И другие родственники тоже встрепенулись. Первой, не считая мамы и отца, приехала тетя Юля. Она строго посмотрела на гипс, покачала головой, вздохнула, потом внимательнейшим образом стала вглядываться в меня.

– Так, Алешик, скажи правду, у тебя нет депрессии? А то смотри! – И тетя Юля притворно нахмурилась.

Понятно, считает, что я чокнуться должен от того, что со мной стряслось. А у меня, сам не знаю почему, настроение все эти дни было просто прекрасное. Можно сказать, давно такого не было, да и в больнице лежать почему-то очень нравилось. В чем я горячо заверил тетю Юлю. Та сделала вид, что поверила, и, поговорив со мной обо всем, уехала, оставив кучу хороших книг и вкусной еды.

– Ого, “Лолита”! – восхитился Женя Лапутин, зайдя вечером ко мне в палату. – Помнишь, как там в самом начале: “Ло-ли-та: кончик языка совершает путь в три шажка вниз по нёбу…” Никто так не умеет, как он!

Это он своего кумира имел в виду, Набокова.

А тетя Юля, на всякий случай, чтобы уж точно быть уверенной в том, что я не съеду с катушек, призвала на помощь тяжелую артиллерию. И через пару дней еще до обеда приехала Ася, моя двоюродная сестра. Вот кого я всегда рад видеть.

У нас с Асей часто так, то густо, то пусто. Мы с ней жили вместе все детство, то на одной даче, то в одной квартире, ходили в одну музыкальную, в одну обычную школу, не расставаясь годами, а то вдруг практически годами не встречались, особенно в последнее время. Я видел причину в том, что Асе, как настоящему артисту, нужно постоянно где-то черпать вдохновение, а какое может быть вдохновение от такого, как я? Она же все про меня знает!

А если серьезно, основная причина редких встреч, наверное, была в том, что вот уже три года, как умерла наша бабушка. И меня приводила в уныние пустота, оставшаяся после ее смерти в квартире на Фрунзенской набережной, где продолжала жить Ася. Но, конечно, все должно со временем пройти, главное, что Ася приехала сейчас.

– Да, Алешка, – покачав головой, произнесла она, – здесь одно утешение: какое счастье, что ты не музыкант!

Это точно, а еще счастье, что я не ювелир.

– Слушай, Алешка, каким же ты симпатичным стал! – с удовольствием оглядев меня, заключила Ася. – Ты мне честно скажи, девочкам нравишься? Ну как это не знаешь?

Подобные Асины вопросы меня неизменно веселили. Ей всегда было интересно знать, кто кому нравится, и уж особенно кто кого любит.

Мы поговорили об Асиной дочке Людочке, про Асины концерты, про общих знакомых.

– Ты как выпишешься, обязательно приезжай в гости! – целуя меня на прощание, сказала она. – Я буду очень рада!

И уехала.


– Иду я как-то вечером, – заводил очередной рассказ о своей лихости сосед по палате, тот, которого шибанули о стену, – а тут на меня человек семнадцать!

– Да как ты, интересно, понял, что именно семнадцать, а не пятнадцать? – начинал ржать второй, кому молотком проломили темя. – В потемках их в шеренгу построил и пересчитать успел?

– Да не помню я, почему решил, что семнадцать, – с досадой начинал морщиться первый, – да и какая разница?

– Разница в том, – не унимался второй, – что пятнадцать ты урыл бы одной левой, а с семнадцатью тебе наверняка пришлось повозиться! Ну а чем хоть закончилось это все, ты помнишь?

– Да отстань! – обижался первый. – Не хочешь слушать – не слушай, все, больше ничего не скажу, ничего не помню!

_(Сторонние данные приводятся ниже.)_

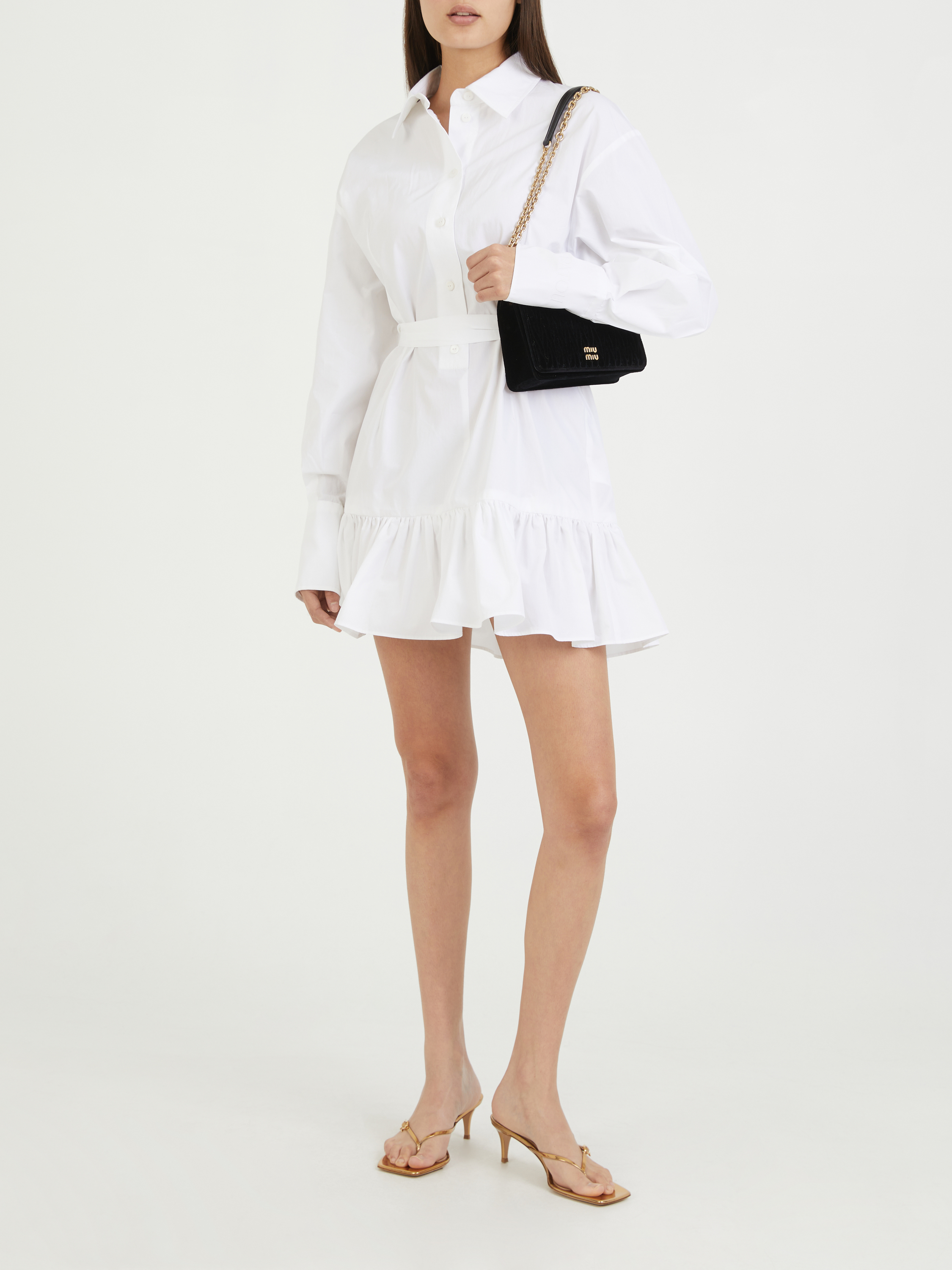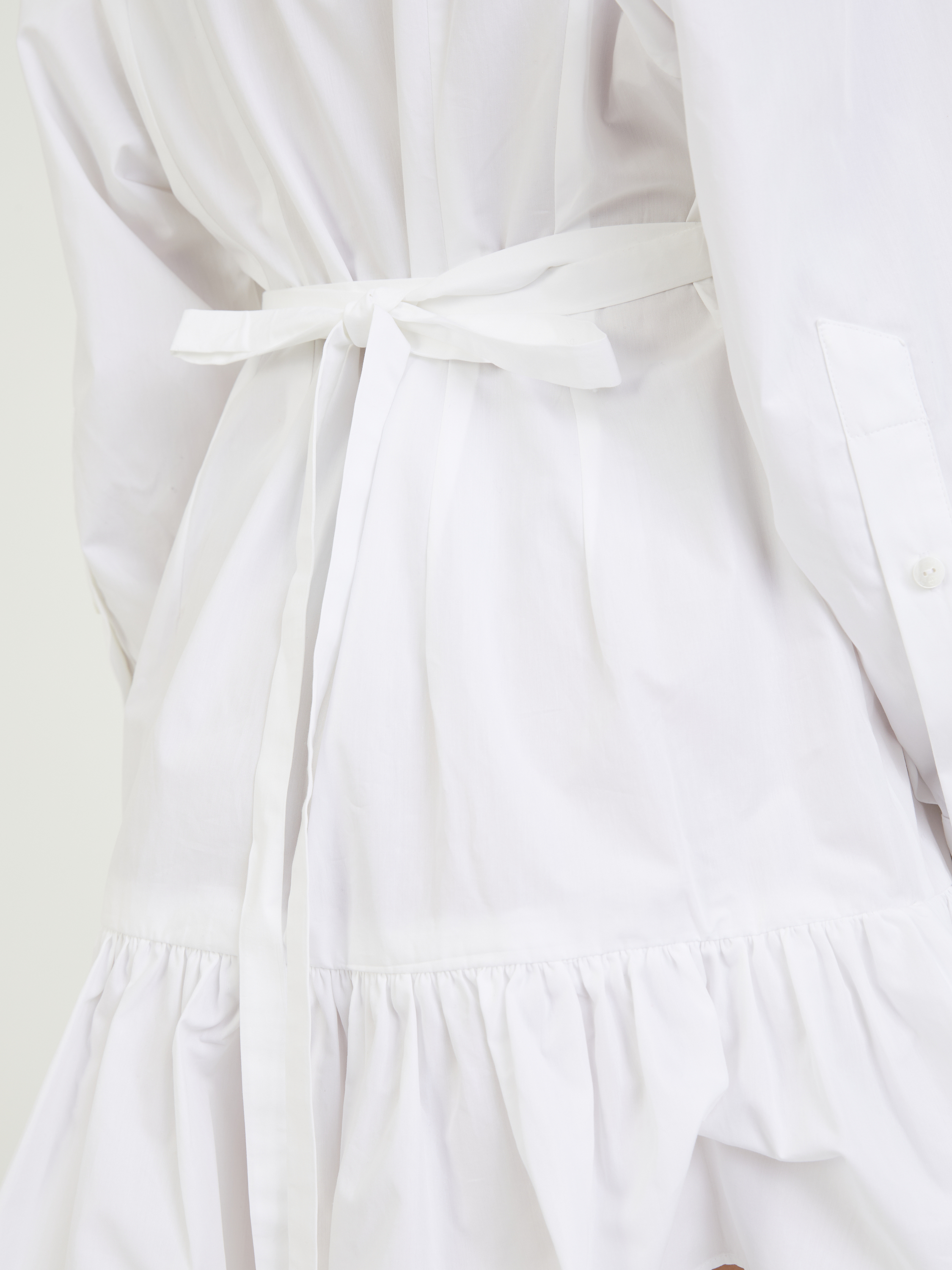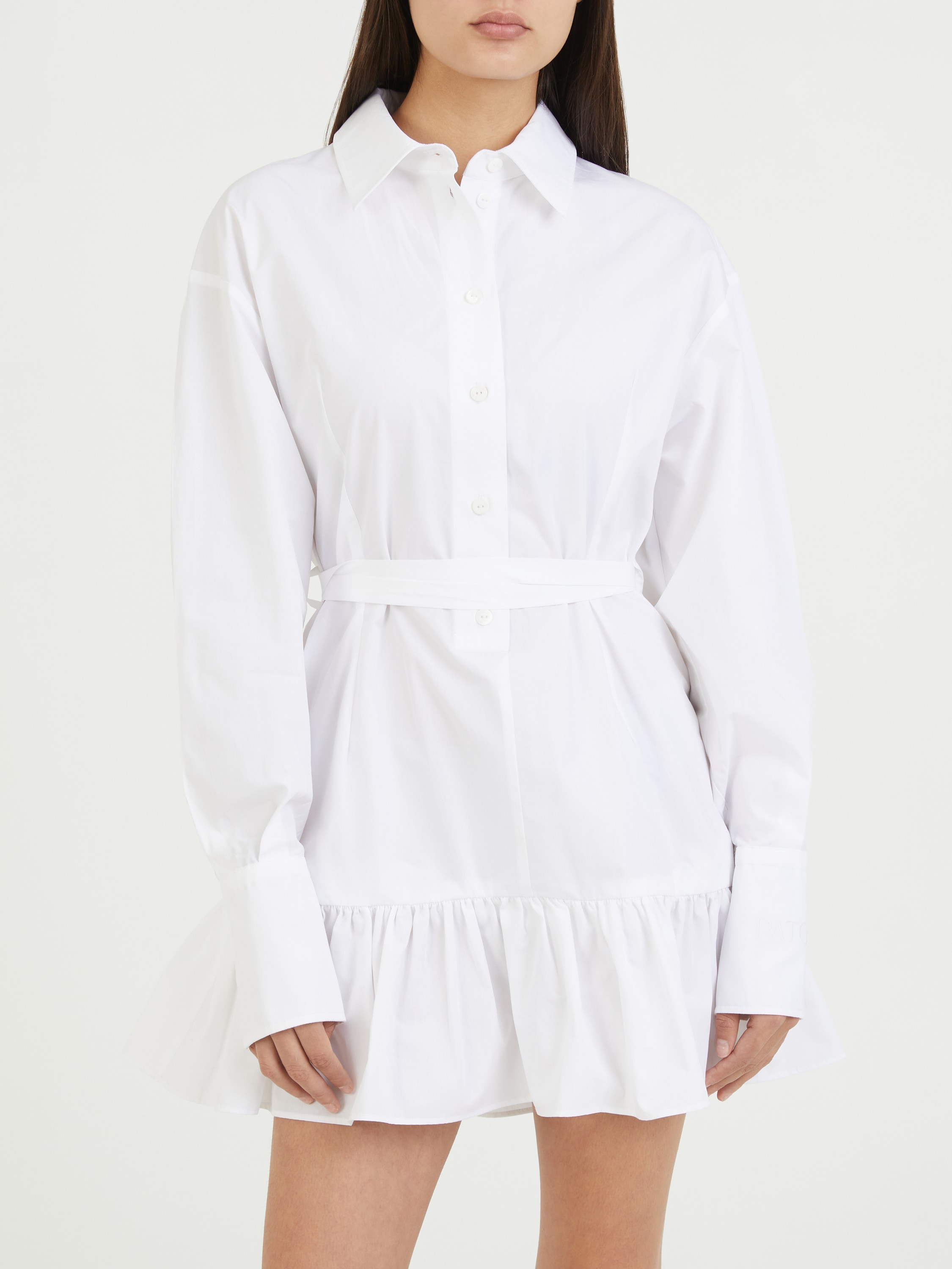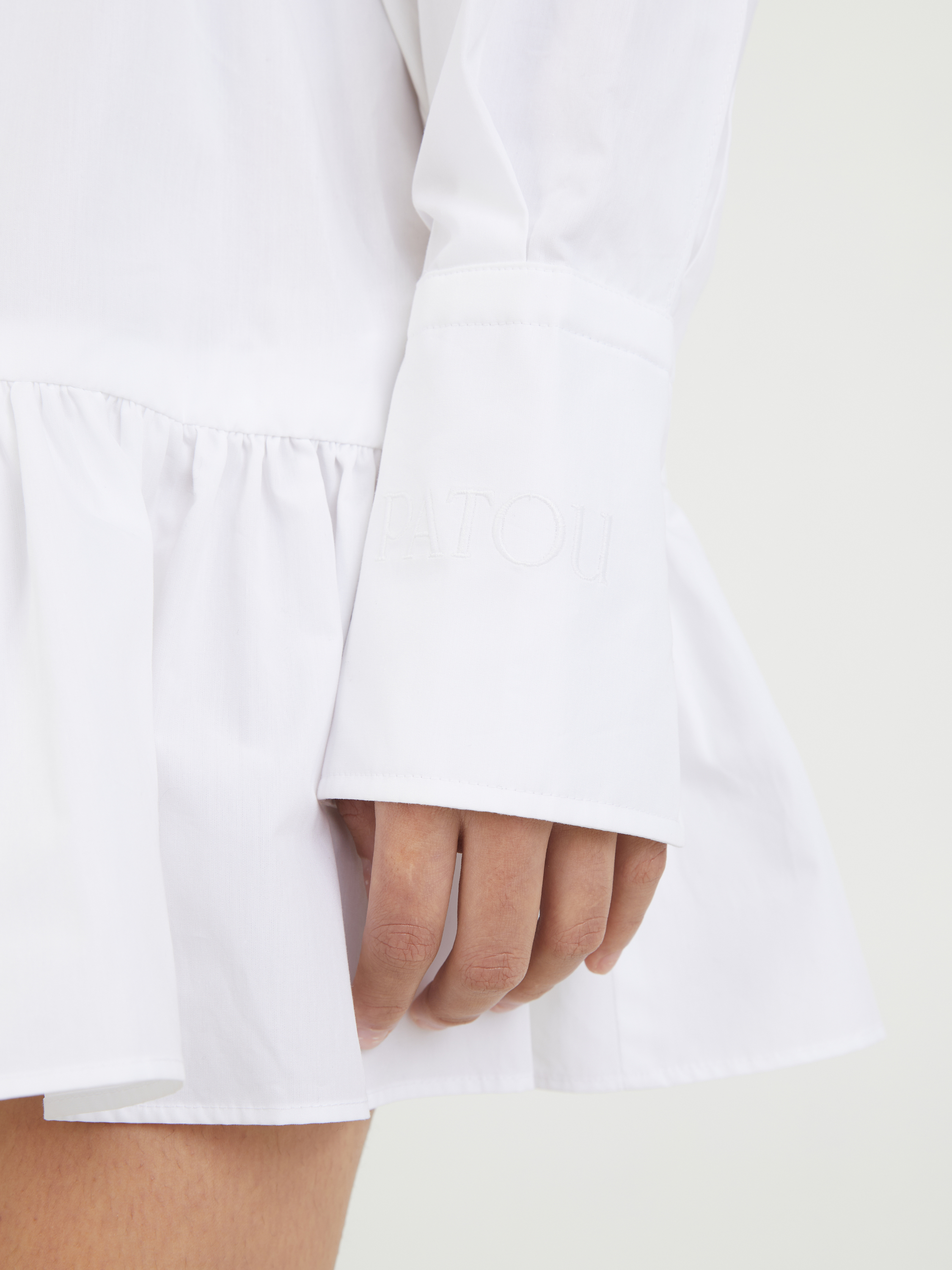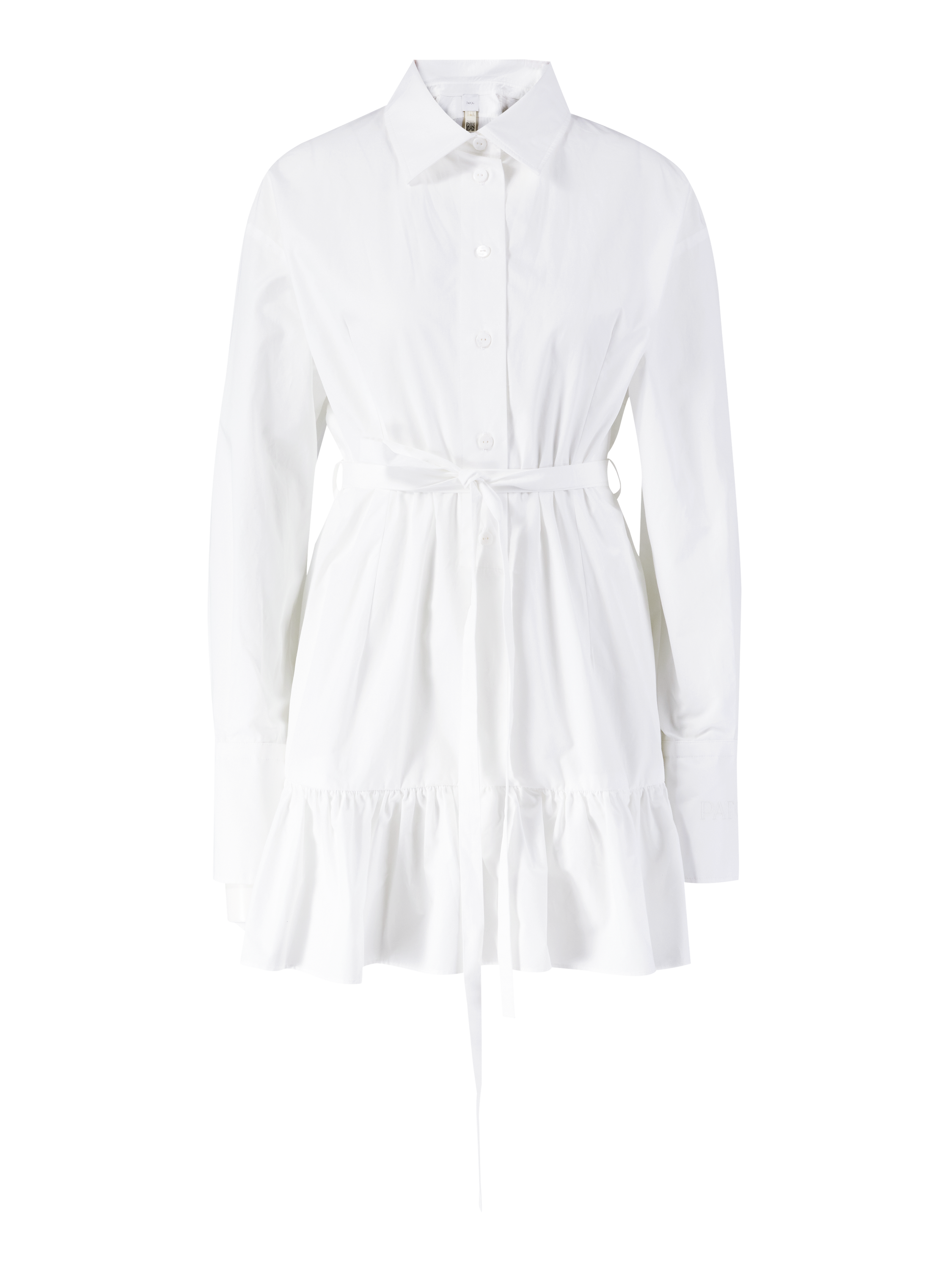 Dieses Kleid in Weiß von PATOU wurde aus hochwertiger Baumwolle gefertigt und besticht durch die Rüschen. Die frontale Knopfleiste, der Bindegürtel und die Minilänge zeichnen dieses Modell aus.

– Ничего не помнишь – значит, здорово тебя об стенку приложили! – довольный собой, произносил второй. – Вот нам Леша говорил, как это по-научному называется, когда не помнишь ни хрена, что было перед тем, как по башке получишь. Леш, как?

– Ретроградная амнезия! – уже раз в пятый просвещал их я. – Да она у вас у обоих есть, не ссорьтесь! Давайте лучше в картишки!

То, что ретроградная амнезия есть и у меня, я им не рассказывал. Вернее, не есть, а была.


Это случилось ровно год назад, в конце ноября. Перед ночным дежурством я зачем-то заехал на квартиру к маме, в ее отсутствие. Кажется, должен был захватить что-то. Ну а может быть, наоборот, должен был что-то оставить, не в этом суть.

Главное, что, когда я уходил, у меня упали на пол ключи. Хотя, если честно, я не помню, что у меня там упало на пол. Я уже потом сам дорисовал себе эту картину. Видимо, я нагнулся и поднял то, что уронил. Ну и потом, естественно, разогнулся. А на уровне плеча в комнате висела книжная полка. И не просто висела, а, в соответствии со своим названием, была нагружена книгами под завязку…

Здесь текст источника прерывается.